▶ [EXERCISE]: With the exception of the pictures, write out the data below precisely.

▶ [INFORMATION SUPPLIED]:
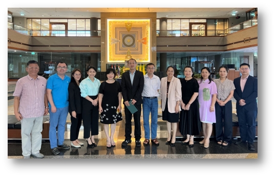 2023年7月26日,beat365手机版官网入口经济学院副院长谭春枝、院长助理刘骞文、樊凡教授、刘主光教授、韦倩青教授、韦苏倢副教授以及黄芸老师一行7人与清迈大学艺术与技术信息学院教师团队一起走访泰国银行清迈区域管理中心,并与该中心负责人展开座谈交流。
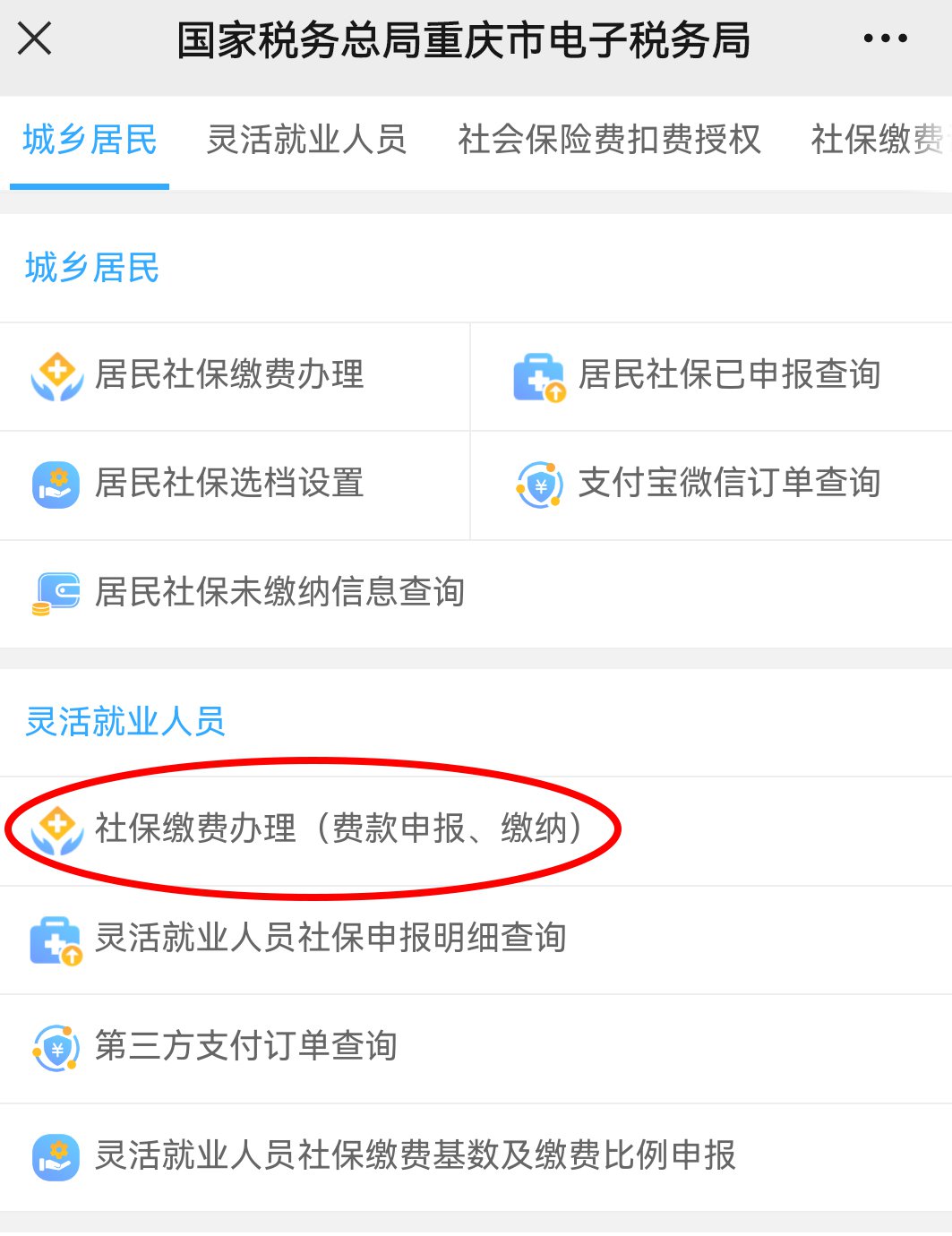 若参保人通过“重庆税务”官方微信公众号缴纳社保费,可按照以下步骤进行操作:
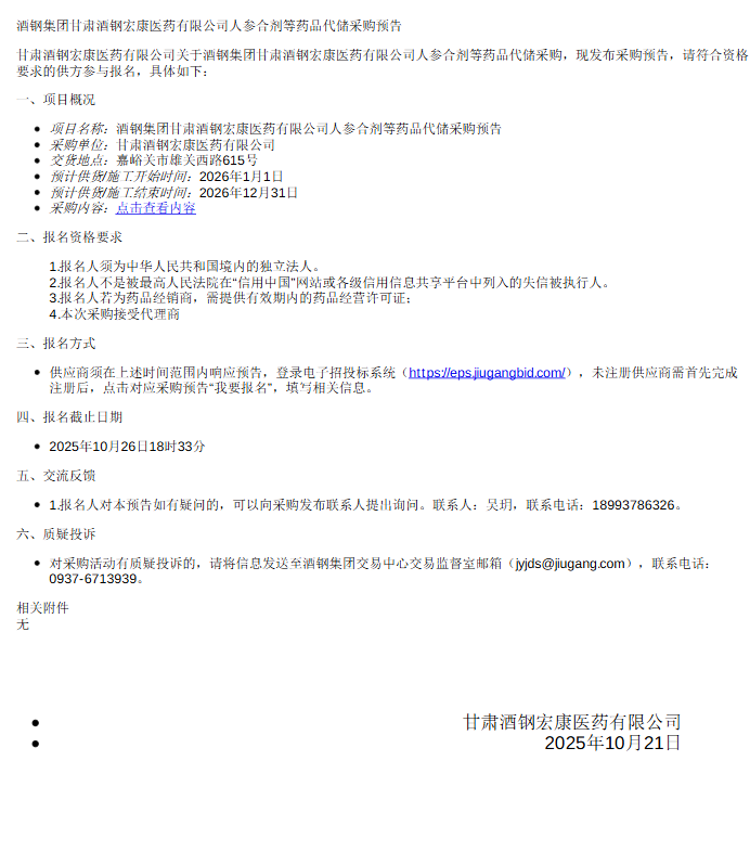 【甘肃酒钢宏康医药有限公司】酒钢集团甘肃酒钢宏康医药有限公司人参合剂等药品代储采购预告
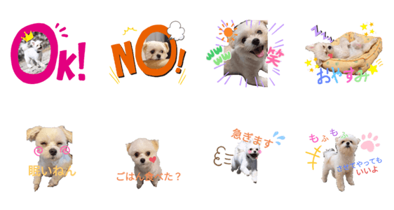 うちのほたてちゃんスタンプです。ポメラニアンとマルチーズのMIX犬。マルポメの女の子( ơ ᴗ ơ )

▶ [ANSWER BOX]:
 2023年7月26日,beat365手机版官网入口经济学院副院长谭春枝、院长助理刘骞文、樊凡教授、刘主光教授、韦倩青教授、韦苏倢副教授以及黄芸老师一行7人与清迈大学艺术与技术信息学院教师团队一起走访泰国银行清迈区域管理中心,并与该中心负责人展开座谈交流。
 若参保人通过“重庆税务”官方微信公众号缴纳社保费,可按照以下步骤进行操作:
 【甘肃酒钢宏康医药有限公司】酒钢集团甘肃酒钢宏康医药有限公司人参合剂等药品代储采购预告
 うちのほたてちゃんスタンプです。ポメラニアンとマルチーズのMIX犬。マルポメの女の子( ơ ᴗ ơ )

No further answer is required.